Nevertheless, in the accumulation of the 2024 US election, Netanyahu and his allies actively courted candidates whom he believes are the best way to carry on their agenda and continue the war with Gaza, analysts said.
“Netanyahu really campaigned for Trump before the election, highlighting how bad Biden was,” said Yossi Mekelberg, a Chatham House associate fellow.
“Now they don’t know how Trump goes for so much contractually. He’s all about victory,” Mekelberg added, referring to the series of victories the president claimed on his recent Gulf Tour, “But we won’t beat Palestine.”

Throughout the Israeli press and media, Trump believes he is tired of trying to secure an end to the war with Gaza, where Netanyahu and his allies in Israel’s hard rights are not interested in pursuit.
Israeli Army Radio even reports that Trump has blocked direct contact from Netanyahu about concerns that the Israeli Prime Minister may be trying to manipulate him.
Yanir Kojin, an unknown Israeli official and reporter for Israeli Army Radio, wrote to X:
“Israel has a sense that Trump has turned Netanyahu on,” political analyst Nimrod Fraschenberg said from Tel Aviv. “Netanyahu supporters have previously thought Trump’s support was unlimited, which leads them to panic.”
What now?
The corruption of Netanyahu’s relationship with Trump may not mean an automatic break between Israel and the United States, Flachenberg warns, speculating that all factions across Israel’s political spectrum could retain their future under a reorganized relationship with the United States.
The US’s financial, military and diplomatic support for Israel has been the foundation of both countries’ foreign policies for decades, Mekelberg said. Moreover, whatever the current uncertainty about Trump’s relationship with Netanyahu, support for Israel remains embraced by many of his Republican bases, with analysts and polls being pointed out, particularly among Republican and Democratic donors.

“Netanyahu and those who oppose the war want the United States to apply a permanent ceasefire now,” Flachenberg said, referring to Israel’s dependence on US patronage. “It’s not because of great faith in Trump, but because of the increased degree of disappointment they have in the government today.”
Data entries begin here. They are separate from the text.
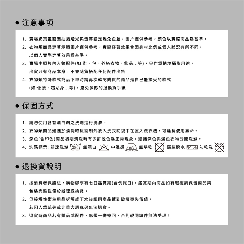 退貨限制:本商品為接觸性衛生用品,商品一經洗滌、使用過恕不接受退換貨。
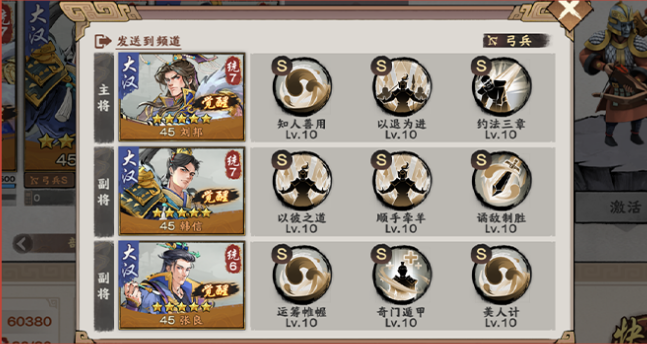 刘邦为队伍增加增伤和护航辅助效果,韩信有稳定的输出技能,张良提供增伤效果,整体输出能力强大。
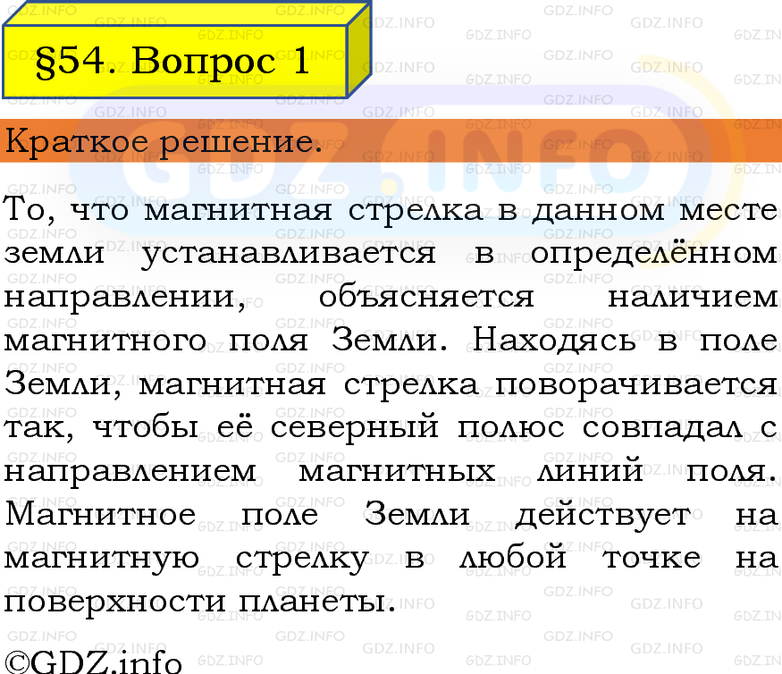 ГДЗ (готовое домашние задание из решебника) по Физике 8 класса авторов И. М. Перышкин, А. И. Иванов, Просвещение, 2023-2025г. ФГОС на Вопрос №1, § 54. Магнитное поле Земли.

But there are equally many such as Israeli Finance Minister Bezarel Smotrich and National Security Minister Itamar Ben Gwyr, who speculate that Israel would like to harness the direction of controlling US policy towards Israel.
“Ben Gwil, Smotrich and their supporters were able to take advantage of American indifference in any form,” Mekelberg told Al Jazeera. “If the US continues to provide weapons and diplomatic hideaways at the UN while on board (Israel), that’s their dream,” he said of Smotlich.
However, it is uncertain if Netanyahu could grasp this.
Both the accusations that Israel’s Prime Minister has taken office and relied on war to maintain the political coalition necessary to avoid legal calculations in corrupt trials, and the political calculations of the government’s failures ahead of the October 7, 2023 attacks are both widespread and long-standing.
“I don’t know if Netanyahu will be able to come back now,” Barak said. “There’s a lot of talk about Netanyahu being at the end of his line. I don’t know. They’ve said it for years. He’s still here.